Abstract : Epilepsy is a type of neurological disorder that causes abnormal brain activities and creates epileptic seizures.Traditionally epileptic seizure prediction is realized with a visual examination of Electroencephalogram (EEG) signals. But this technique needs a long time EEG monitoring. So, the automatic epileptic seizures prediction schemes become a requirement at this point. This study proposes a method to classify epileptic seizures and normal EEG data by utilizing the Intrinsic Time-scale Decomposition (ITD)-based features. The dataset has been supplied from the database of the Epileptology Department of Bonn University. It contains 5 data groups A, B, C, D, E. The study aims to classify healthy and epileptic data, so data of groups A and E are used to perform evaluations of proposed methods. The EEG data are decomposed into Proper Rotation Components (PRCs) by ITD. The feature extraction methods are applied to the first five PRCs of each EEG data from healthy and epileptic individuals. These features are classified using K-Nearest Neighbors (KNN), Linear Discriminant Analysis (LDA), Naïve Bayes, Support Vector Machine (SVM) and Logistic Regression classifiers.
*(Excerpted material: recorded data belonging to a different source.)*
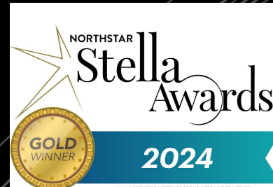
Best Overseas MICE Hotel Northstar Stella Awards
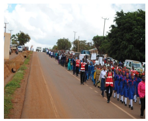
Figure 7: Mwema Acrobatics group showing their talents, seating and listening to other's performances and joined with other school in matching on the International Day for Street Children.
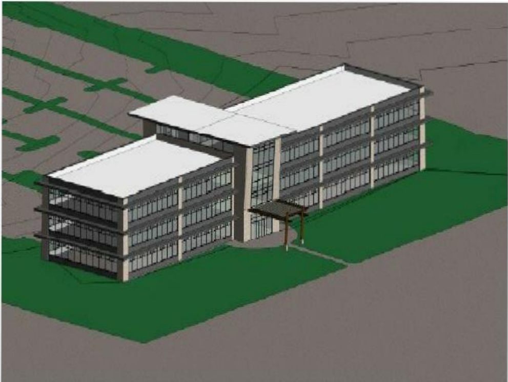
Mudd Campus N. Lot Concept 1B
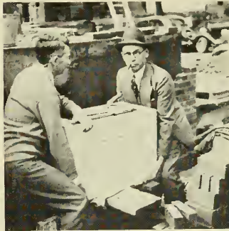
CORNERSTONE FOR MEN'S DORMITORY

T HE GENTLEMEN in the accompanying picture are about to call upon masons to set the corner stone of the dormitory for men now in the process of construction on Uni-
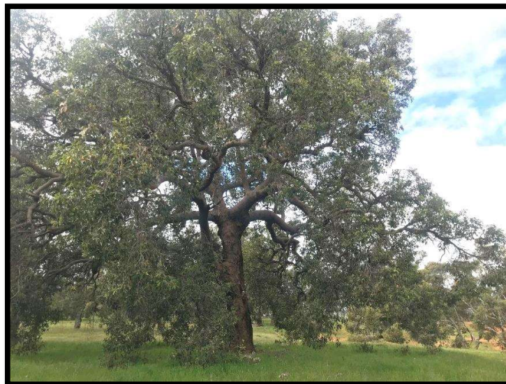
Plate 8: Additional Significant Marri Tree
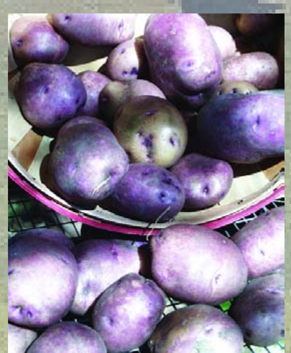
1860: Marin is fourth in the state in potato production (133,500 bushels), mostly from northern Marin.
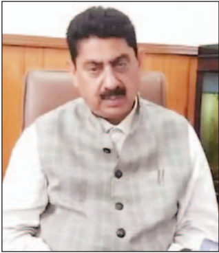
AGENCY SHIMLA, OCT 19

The BJP on Wednesday released its first list of 62 candidates for the polls to the 68-member Himachal Pradesh assembly, fielding Chief Minister Jai Ram Thakur from his current constituency Seraj.
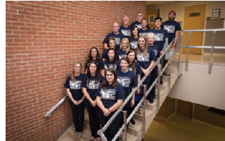
TRIP TO PANAMA --page 3
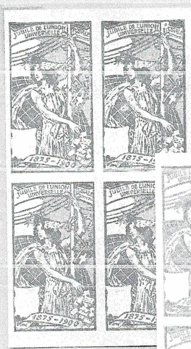
Enlargement of the illustration from postal card at right.
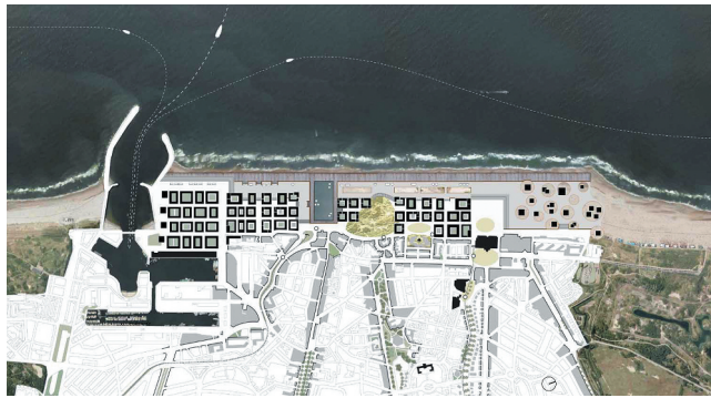
Figure 7. (left): Scenario 'Hard seaward' projects the water barrier on the edge of land and sea, which makes it possible to build new urban fabric behind it.
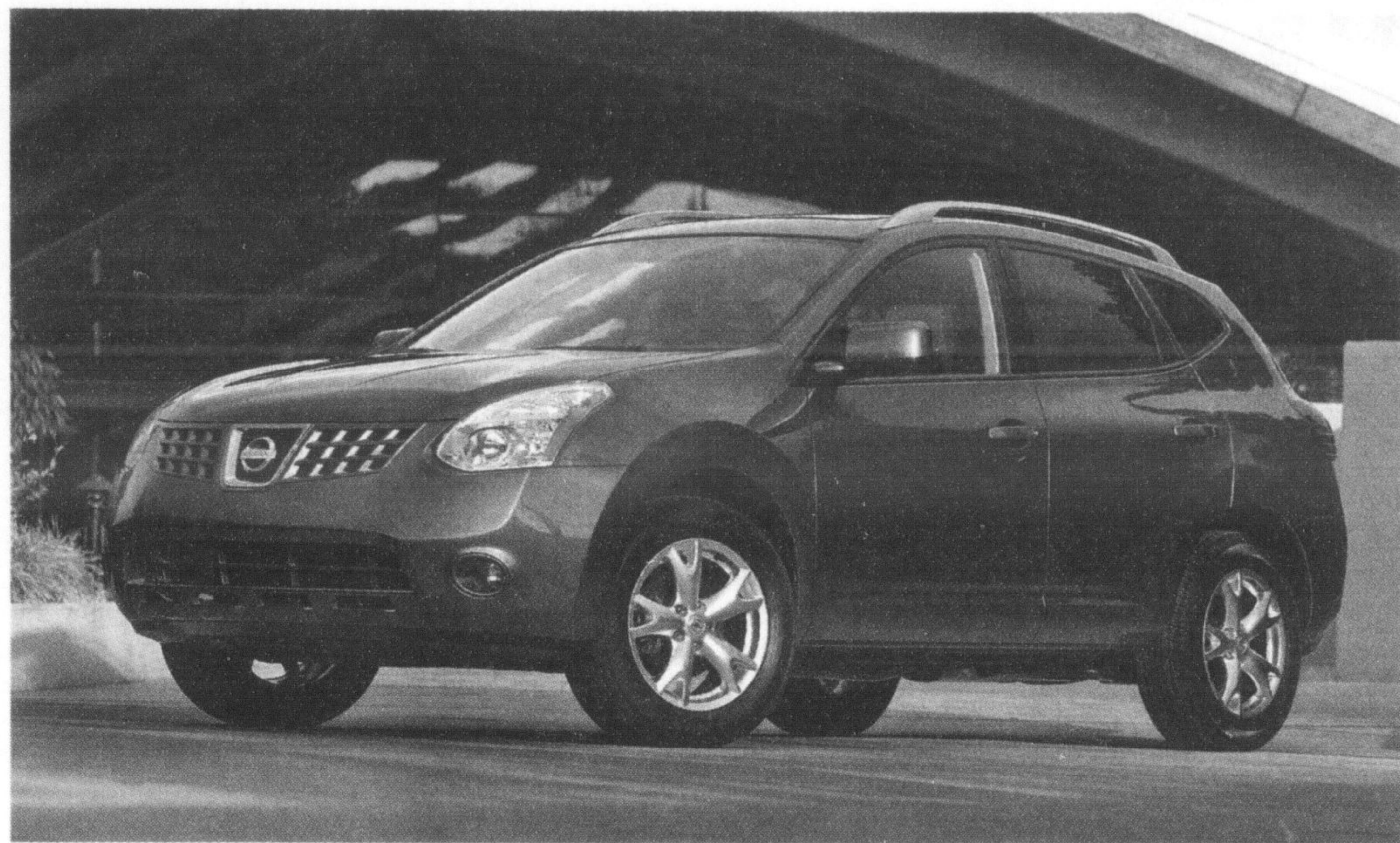
Nissan's new Rogue crossover replaces the successful, but boxy X-Trail. The Rogue boasts slippery lines, a wide track, aggressive silhouette and powerful rear shoulder lines.

Go to www.InsuranceHotline.com for the lowest rate.
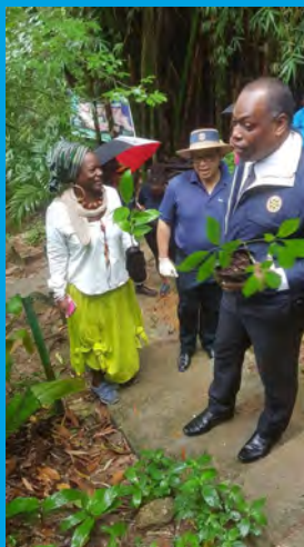
Planting a tree in style
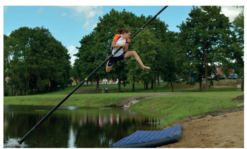
Fierljeppen, a traditional sport from Friesland in the Netherlands

children. TSG preserve chances to take part in, and benefit from the virtues of community interaction and culture. They are a living legacy of what has gone before us, and how we can enrich the future.
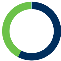
Asset mix (%)
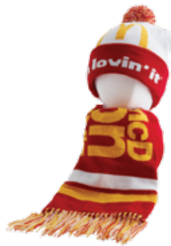
"i'm lovin' it" Pom Beanie & Fry Scarf 100% acrylic. 11" length beanie and scarf 8.5" W x 52" L. #5ILPB | Red/White/Gold | $7.99 each #9ILFS | Red/White/Gold | $10.99 each
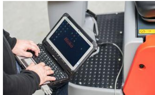
Easy access to the diagnosis interface for maintenance purposes and to modify machine settings.

Blue Competence is an initiative of VDMA ( www.vdma.org ). By engaging in this partnership, we are committed to comply with the twelve sustainability principles applied in the field of mechanical and system engineering ( www.bluecompetence.net/about ).
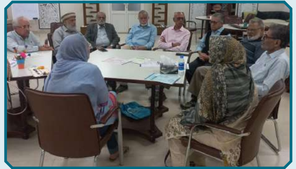
Everyone Engaged and Shared their Authentic Thoughts

Whether it's through sharing their love with their families or through engaging with their friends and peers at these events, seniors can continue to make a difference in their communities and in the lives of those around them. So let us celebrate and empower our seniors, for their wisdom is a source of inspiration for us all."
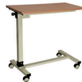
CAMEL 556 ADJUSTABLE BED SIDE TABLE WITH KNOB
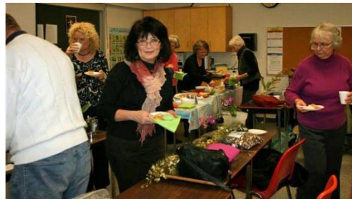
Members enjoy the refreshments
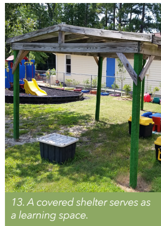
13. A covered shelter serves as a learning space.
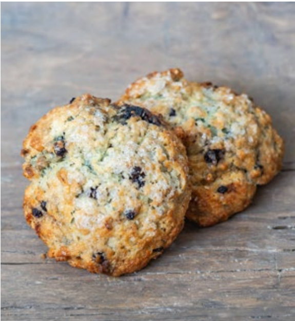
Blueberry Scone #2027
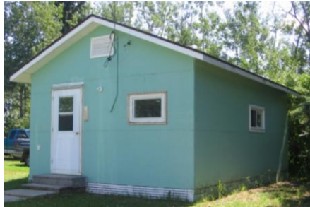
Very Low #2: 1-Storey
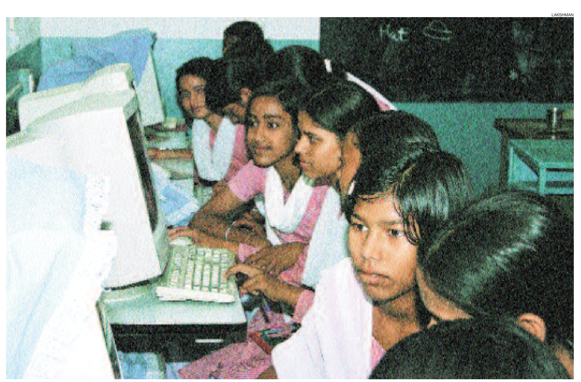
Girls at the Government High School in Carterpuri, Gurgaon, use computers provided by Hughes Software.
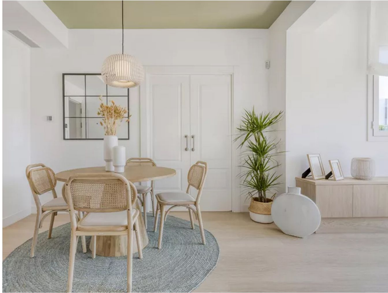
Mary Patton Design

Create a modern boho-style feel by sticking to a light palette and minimalist decor. This Scandinavian apartment dining corner from Fantastic Frank mixes pale wood tones with soft shades of blue and green for a soothing and understated feel. A simple vase of preserved flowers adds warmth.
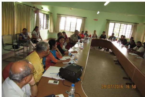
Interactive Session and discussion.

The results demonstrated that the epileptic data is differentiated from normal data by applying the nonlinear ITD with outstanding classification performance.
 EXISTING SYSTEM :
 ? In existing system classic spirometry and peak flow detectors are used but the output is a graphical representation to observe by the physician more complex. ? The combination of the normal and multi-channel EEG-based classifier system paves the way to promote the performance of seizure detection. ? The performance of the algorithm is measured by using a large dataset and the compound of the normal ECG and multi-channel EEG assist to bridge the caliber and time gap.
 DISADVANTAGE :
 ? The proposed method treats all seizure vocalizations as a single target event class, and models the seizure detection problem in terms of detecting the target vs non-target classes. ? In particular, CNN is among state of the art methods for rare sound event detection, which represents a similar type of problem as the seizure detection task. ? The disease imposes huge physical, psychological and social burdens on individuals and their families. Besides, epilepsy has a dramatic impact on the health care systems’ annual budgets.
 PROPOSED SYSTEM :
 ? The proposed system aims to build a compact real-time monitoring and managing device to detect and eliminate epileptic seizures. ? In Proposed system we use Blood Pressure, Temperature sensor and heart pulse sensor to detect brain waves activity and body temperature and heart rate and stores it in to cloud . ? Using Cloud Data we can use machine learning algorithm to predict epileptic seizures of patient .This system aims to protect life and also aids to live a healthy and normal life.
 ADVANTAGE :
 ? The various feature extraction methods, such as temporal, spectral, statistical, and nonlinear features, are utilized to obtain high-performance evaluations. ? The performance of the algorithm in biomedical signal processing studies is investigated, and it has been observed that high success. ? The performance of the system is insufficient for reliable independent monitoring, but the system provides a tool that reduces significantly the monitoring effort.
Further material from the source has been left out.